Именно так он и поступит. Уведёт Вию от их семейных разборок, а сам проведёт время в компании язвительного беса.
Сыграть на алчности беса не составляет особого труда. Услышав про деньги, тот соглашается сразу. И разбивает телефон, не дослушав условий. Всё-таки Столас весьма предусмотрительно отправил ему их с запасом.
Поначалу всё идёт неплохо. Блиц даже отпускает своих помощников, оставаясь наедине со Столасом. Наблюдать за тем, как он ответственно подходит к своей работе так волнительно. Пожалуй, вполне стоило разнообразить их игру подставными похитителями.
Но прямо во время выступления Робо Физза Октавия сбегает в слезах.
– Ты всё испортил, – всхлипывает она, прижимая колени к груди. Механизм карусели скрипит и стонет, отражая внутреннее состояние Столаса. Обивка сидений жёсткая и местами потрескавшаяся – Маммон экономит на чём только возможно.
– Мы с твоей мамой… – пытается объяснить он и сбивается. – Я никогда не чувствовал… – пробует он по-другому.
Бесполезно. Как объяснить дочери то, что он и сам не до конца понимает?
Он будто состоял из целого куска льда, и лишь жёлтые глаза сумели вернуть его к жизни. Нечто похожее он чувствовал, когда впервые прижал к груди Вию – маленький взъерошенный комочек с большими рубиновыми глазами.

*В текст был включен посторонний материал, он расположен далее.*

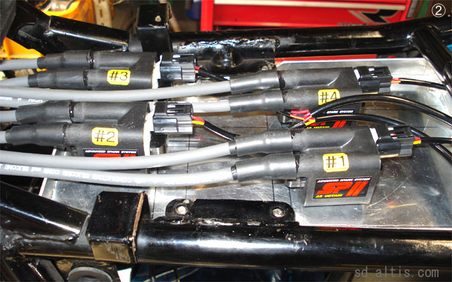 ①シート下前部はウオタニコイル四個で埋まってしまいます。
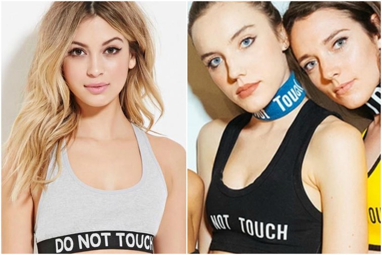 Forever 21 (hình bên trái) copy ý tưởng của Charles Smith II (hình bên phải) khi cùng sử dụng dòng chữ “not touch”.

Их брак со Стеллой с самого начала был взаимовыгодным сотрудничеством. Её деньги на его статус. Обо всех её интрижках, последняя из которых закончилась ещё до появлении Вии, он знает, и ему всё равно.
Но как объяснить это Вии, ради которой он так долго притворялся?
– Прости меня. Я не могу подобрать слова.
– Ты собираешься сбежать с ним? – Вия вытирает слёзы и сжимается. – И оставить меня?
– Что? Нет! – Сама мысль, что он может лишиться дочери, приводит в ужас. – Ни за что.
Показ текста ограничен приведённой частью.